В "Чудовище" невежество, предубеждения и жестокость всего сообщества резко сфокусированы. Реализм болезненный; краснеешь за человечество. Но хотя эта история действительно принадлежит сборнику под названием "Истории Уиломвилля", она по праву исключена из этой серии. Истории Уиломвилля - чистая комедия, а "Чудовище" - отвратительная трагедия.
Уиломвиль - это любая малоизвестная маленькая деревушка, о которой только можно подумать. Чтобы написать об этом с таким сочувствием и пониманием, Крейн, должно быть, прослушал в Бойвилле кое-что замечательное. Правда в том, конечно, что он сам был мальчиком - "замечательным мальчиком", как его кто-то назвал, - и обладал мальчишеским умом. Эти сказки смешны главным образом потому, что они правдивы - мальчишеские сказки, написанные для взрослых; ребенку, я полагаю, они показались бы скучными. Ни в одном из его рассказов его любопытное понимание человеческих настроений и эмоций не показано лучше.
Один глупый критик однажды заметил, что Крейн в своих поисках поразительных эффектов "часто пренебрегал освященными веками правами на определенные слова" и что в погоне за цветом он "иногда попадает в почти смехотворные неудачи. " Самодовольный педантизм цитируемых строк является достаточным ответом на обвинения, но в подтверждение этих утверждений критик привел отдельные места и фразы. Он возражал против "обожженных" слезами щек, против "бесстрашных" статуй и "охваченных ужасом" фургонов. Сами штрихи поэтического импрессионизма, которые в значительной степени составляют величие Крейна, приводятся для доказательства его невежества. Тончайшие поэтические образы заключаются в предложениях, тонко переданных каверзными прилагательными Крейна, использование которых было для него столь же преднамеренным, как и выбор темы. Но Крейн был имажинистом до того, как стали известны наши современные имажинисты.
Это нетрадиционное использование прилагательных отмечено в сказках Уиломвилля. В одном из них Крейн говорит о "торжественном запахе горящей репы". Это наиболее совершенная характеристика горящей репы, которую только можно вообразить: может ли кто-нибудь улучшить этот "торжественный запах"?
Первым проектом Стивена Крейна была "Мэгги: уличная девушка". Думаю, это был первый намек на натурализм в американской литературе. Это не был бестселлер; он не предлагает решения жизни; это эпизодический отрывок из трущобной фантастики, заканчивающийся трагической развязкой греческой драмы.

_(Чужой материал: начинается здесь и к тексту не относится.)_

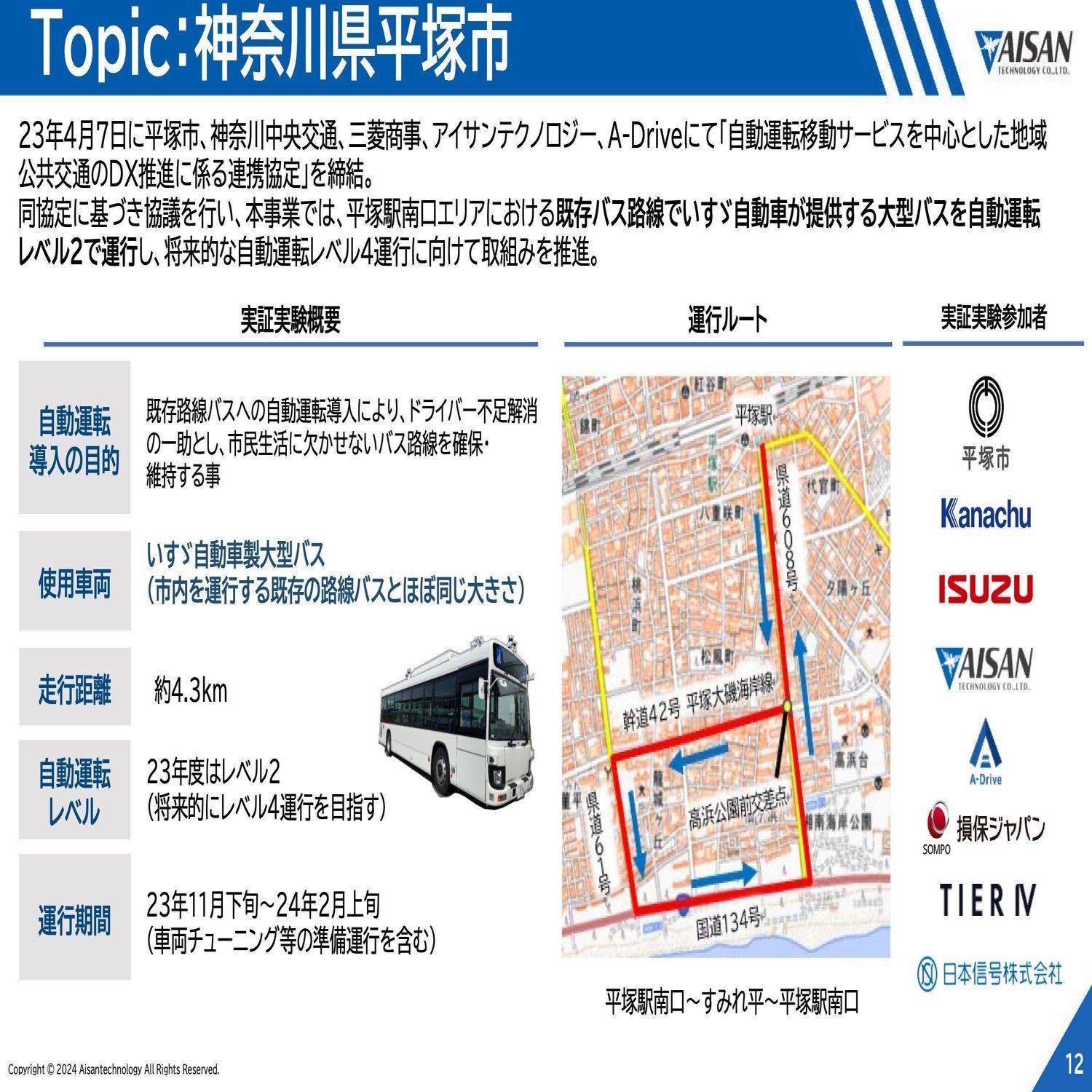 A. グループ会社のA-Driveを中心に、自治体や交通事業者に自動運転の社会実装を提案していくことが、伸びしろのあるところだと判断しています。一社だけでは実現できないので、保険会社、機材提供会社、当社のようなソリューション提供会社などをうまくコーディネートして提案していきます。
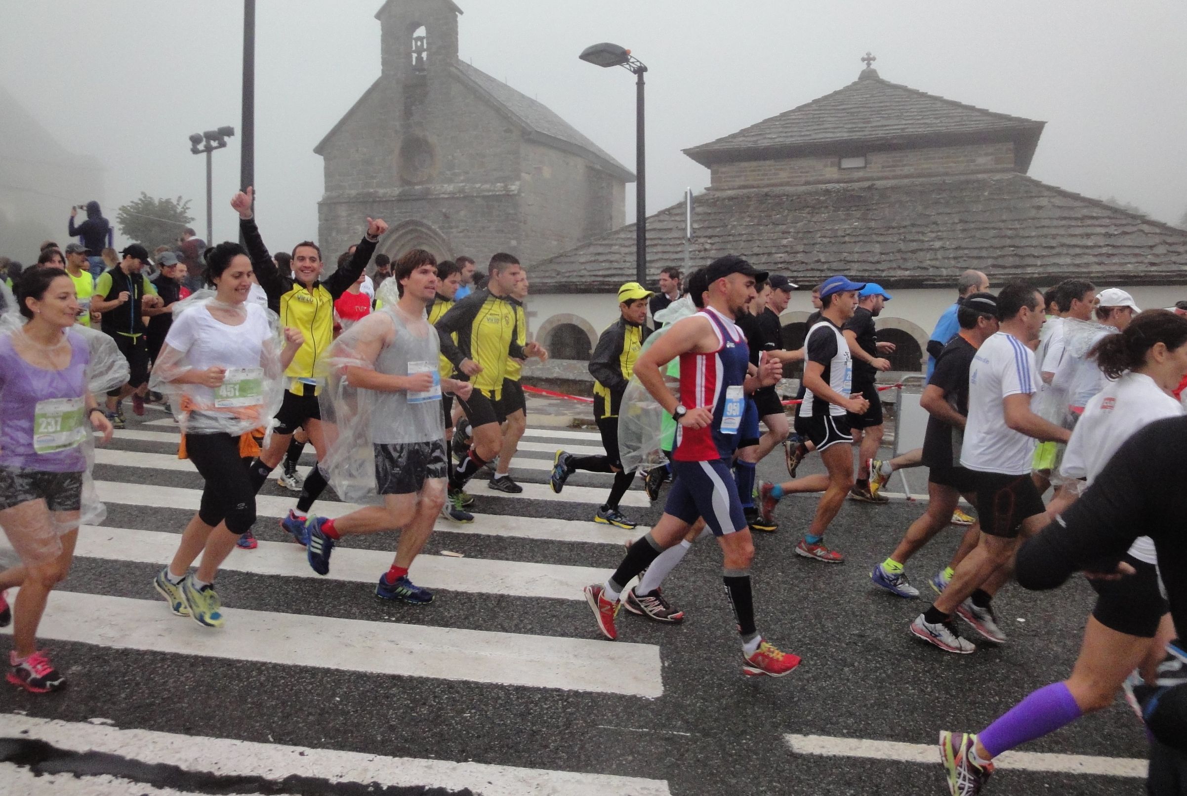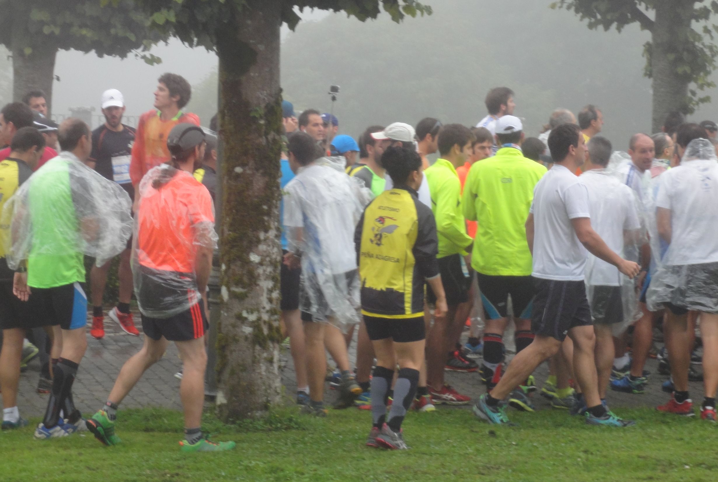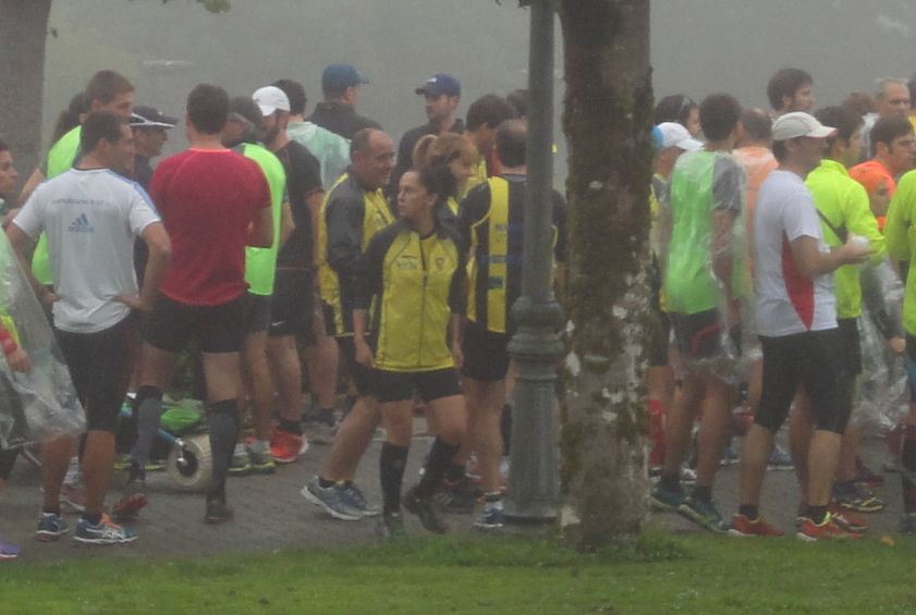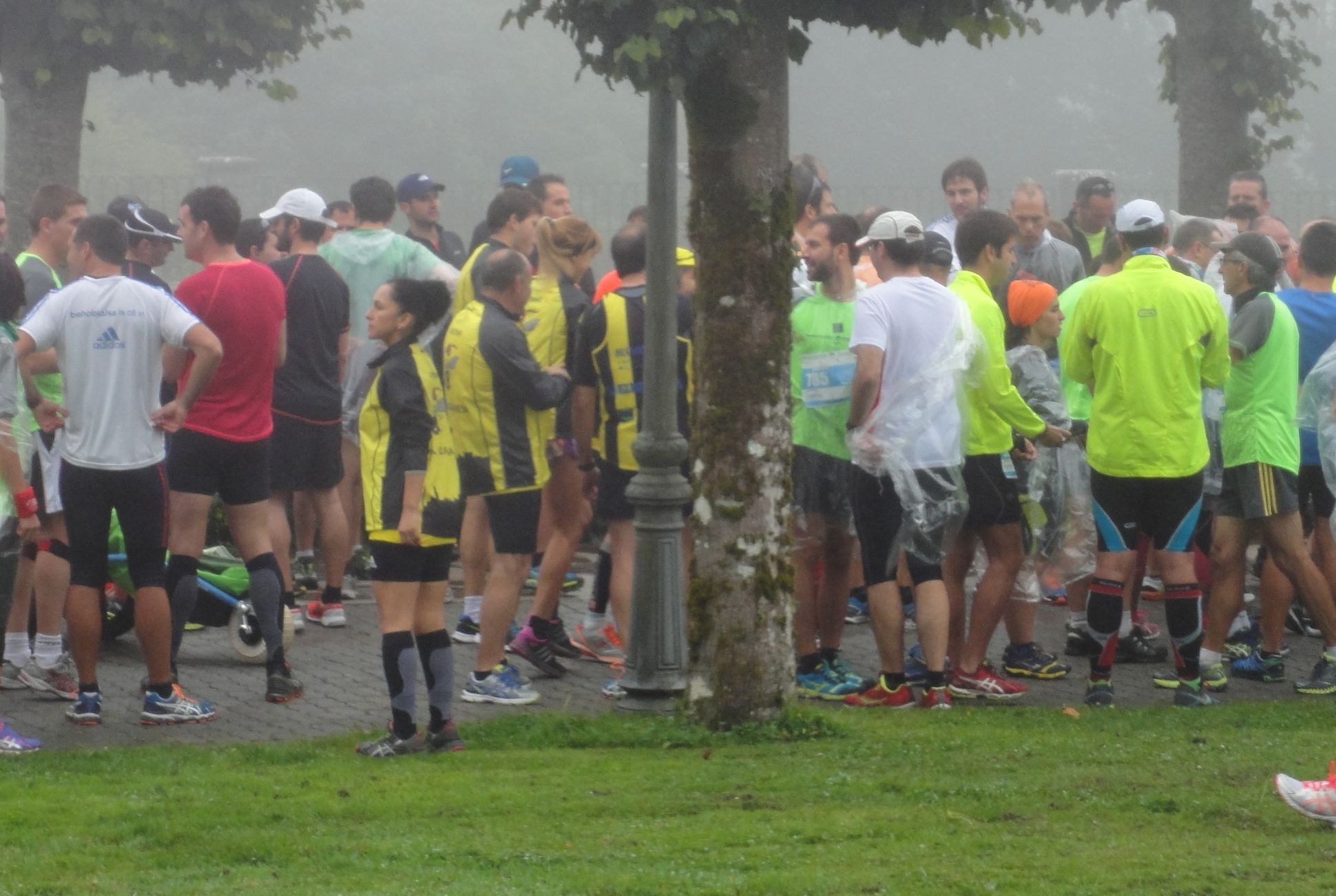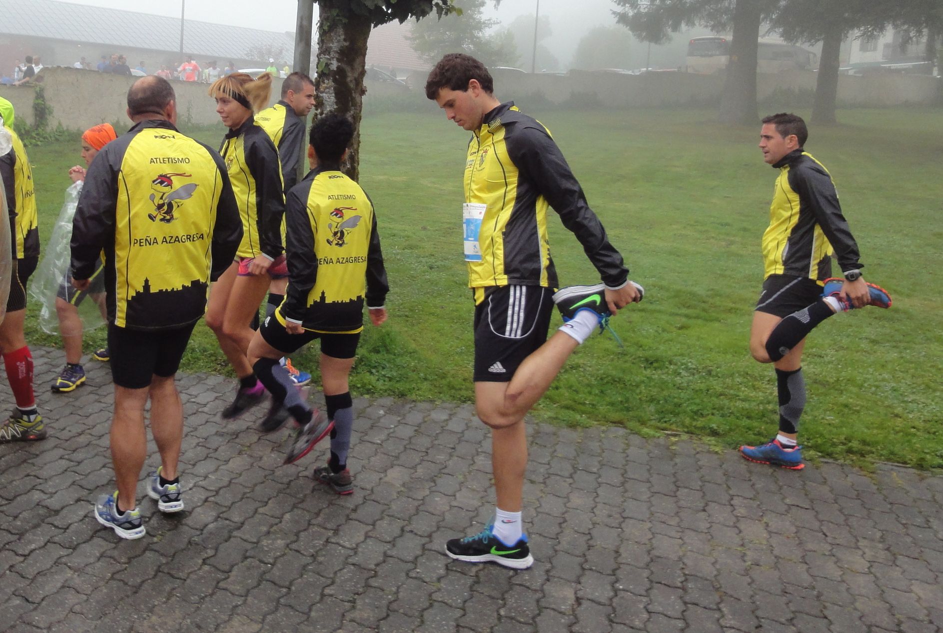 Deprisa, deprisa!!! las 7’35 y yo todavía en la cama…el maldito móvil no ha sonado y me he quedado dormido…café rápido y de magdalena un iboprufeno 600, que el amigo Marichalar hizo de las suyas ayer…, mientras me pongo lo primero que me encuentro..uffff …que tarde, me limpio los dientes y doy un poco de tiempo a que se cargue el móvil que ya tenía que estar cargado, si los duendecillos de la electrónica no lo hubieran impedido…dinero, llaves, el movil al 20 por ciento y para la calle…hayyyy!!!! se me había olvidado que tengo la pierna fastidiada…dichoso Aquiles!!!.Por fin llego al lugar de encuentro, el bar Venecia, donde supuestamente tienen que estar todos esperando dentro del autobus…pero cual es mi sorpresa que ni están todos ni está el autobús todavía!!! Miro a Blas, con cara de mosqueo , y me dice que ya ha hablado con el chofer, pero que se ha perdido por el pueblo, y que faltan corredores que se han ido al Leyre…pues creían que se salía desde allí…me enfado mas todavía, pero no con ellos, sino conmigo por no haber dejado todas las cosas bien claras desde un principio..espero que esto me sirva de experiencia. Finalmente, van viniendo unos y otros y el autobús también aparece. Nos montamos, y empieza el viaje hacia la fantástica Media Maratón Roncesvalles-zubiri. Nada mas y nada menos que 18 corredores de Azagra, de nuestro Club…INCREIBLE!!! .Tras un tranquilo viaje, llegamos hasta Zubiri, donde Pablo sola, su novia Paula y Gorka, se subirán al autobús para llegar hasta Roncesvalles. Cada uno se reparte su dorsal que de forma muy amable nos ha cogido Gorka el día anterior e iniciamos la marcha al lugar emblemático de la salida…y mi estomago empieza a encontrarse bastante mal…uffff. La primera curva y mi mareo se agarran como si fueran hermanos .El paisaje es totalmente bucólico. El incipiente olor a pino, mezclado con la humedad de la lluvia, hacen todo mas triste y, lejos de mitigar, realzan mi sensación de malestar. En un respiro, veo la cara de Gorka, veo sus ojos apuntando al frente, con ganas de comerse el mundo, mirada lejana pero segura, mientras sus palabras meditadas retumban en mi cabeza….pocos mas hablan,pues los nervios ya empiezan a florecer entre los miembros de la expedición. Lo agradezco, agradezco ese silencio que hace mas fácil y llevadero el mal estado en el que me encuentro. Me concentro en llegar hasta Roncesvalles, para una vez allí, poder bajarme de ese autobús que en este momento me parece infernal..y poder respirar, refrescarme…enfrente tengo a Blas, que apoyado sobre el asiento, escucha con atención a Gorka…quien le iba a decir hace bien poco a Blas, que iba a ir con su mujer e hijo hasta Roncesvalles para correr una media maratón…quien se lo iba a imaginar??? El autobús se detiene, ya va quedando menos para llegar, pero el trasiego de vehículos en un sentido y en otro, hacen que se forme un pequeño «tapón» en la travesía de unos pueblos donde la tranquilidad es la tónica, y donde por un día al año, todo se trastoca. Vamos un poco retrasados, y los nervios, hacen que mi estómago se resienta mas todavía. Victor, el gran Victor, junto a Blas, se bajan del autobús, y tras unas pequeñas indicaciones, resuelven el entuerto y el tráfico se vuelve otra vez fluido. Por la cabeza se me pasa el pensamiento que nunca de pensarse en una carrera….que demonios hago yo aquí??? Muy poco a poco, llegamos al lugar de destino, y me bajo del autobús casi sin esperar a que abran las puertas….no fijo en el ambiente, pero me doy cuenta que hace un frío que pela…las ganas de vomitar se me pasan, y observo como todos las runnerabejas corren para sacarse la foto de rigor….la envidia se apodera de mi, y pienso como han podido sacarse la foto, sin ni siquiera tener la deferencia de llamarme…glups!!!! y siento pena de mi mismo!!!…..cada vez mas recuperado, me doy cuenta de que el ambiente es ideal, y que el frío y las gotillas de humedad no empañan la locura por el running popular que allí se vive. Veo los ojos de Olmo, un poco asustada, temblorosa, observo a Carlos Vidondo, siempre riendo, siempre positivo, llega Pedrito, que ha ido por libre con unos amigos, seguro, tranquilo, con ganas de revancha de una carrera que se le atraganto bastante el año pasado, miro a Pablo, que tiene una mirada de complicidad con su novia, ….el bravo de Fran Justicia lucha con su GPS, y Gorka no encuentra una talla de cortavientos que le sirva de abrigo mientras espera…. Guillermo y Nacho Losantos hablan de la carrera, mientras Nacho Narvaez parece estar ya imaginando la gran carrera que pretende realizar…pasan corredores de otros clubs que nos miran con cierta envidia, mientras comentan lo sorprendidos que están con el running en Azagra. Como casi siempre, sin darnos cuenta, dan la salida, y de repente me doy cuenta que el mundo se ha parado….no entiendo por que yo no corro….que hago quieto, por que no avanzo?…..la sensación es super extraña, y una espesa decepción vestida de depresión me invade. Los acompañante de los corredores le han dicho al chofer que van a visitar la colegiata y alrededores, por lo que me tomo un cafe de amargura endulzado con la amabilidad y buena compañía de la mujer de Blas y de Roberto. Cuando todos se han ido, y después de varios desplantes del para nada simpático conductor del autobús, iniciamos el viaje hasta Zubiri, para ver la llegada de los nuestros. Nada mas pasar el primer pueblo, primera sorpresa,…el autobús se para y se monta Peñas con otro corredor… Los dos llevan cara de desilusión 1- 5-Les digo que no pasa nada, que lo importante es haberlo intentado, y que, las lesiones acompañadas de el indeseado abandono, entran dentro de las previsiones a la hora de afrontar una carrera…aunque se de sobra que mis palabras no va a servir de nada a un apenado Peñas…el y otro chaval de Olite se ven obligados a abandonar en el km 3 aproximadam

Это скорее скелет романа, чем роман, но это мощный очерк, написанный о жизни, которую Крейн узнал, работая репортером в Нью-Йорке. Это исключительно прекрасный образец анализа или немного чрезвычайно достоверного сообщения, кому как больше нравится; но немало французских и русских писателей не сумели написать в двух томах то, что Крейну удалось написать на двухстах страницах. В той же категории находится "Мать Джорджа", триумф несущественных деталей, нагромождающихся с кумулятивным эффектом, весьма ошеломляющим.
Крейн опубликовал два сборника стихов - "Черные всадники" и " Война добра " . Их появление в печати было встречено насмешками; тем не менее Крейн был лишь пионером свободного стиха, который сегодня если и не принят определенно, то, по крайней мере, более чем терпим. Мне нравится следующая любовная поэма, а также любая известная мне рифмованная и условно метрическая баллада:
"Если широкий мир откатится,
Оставив черный ужас,
Безграничная ночь,
Ни Бог, ни человек, ни место, чтобы стоять
Был бы мне необходим,
Если бы ты и твои белые руки были там
И падение на гибель долгий путь".
"Если война будет доброй, - писал остроумный рецензент, когда вышел второй том, - тогда стихи Крейна могут быть поэзией, черно-белые творения Бердслея могут быть искусством, а это можно назвать книгой"; по сей день ценится каталогизаторами при описании тома для коллекционеров. Бердслей не нуждается в защитниках, и вполне очевидно, что умный рецензент не читал книгу, поскольку Крейн, конечно же, не питал иллюзий относительно доброты войны. Заглавная поэма тома - удивительно красивая сатира, отвечающая всякой критике.
"Не плачь, дева, ибо война добра.
Потому что твой любовник бросил дикие руки к небу
И испуганный конь бежал один,
Не плачь.
Война добра.
"Хриплые, гулкие барабаны полка,
Маленькие души, жаждущие борьбы,
Эти люди были рождены, чтобы сверлить и умирать.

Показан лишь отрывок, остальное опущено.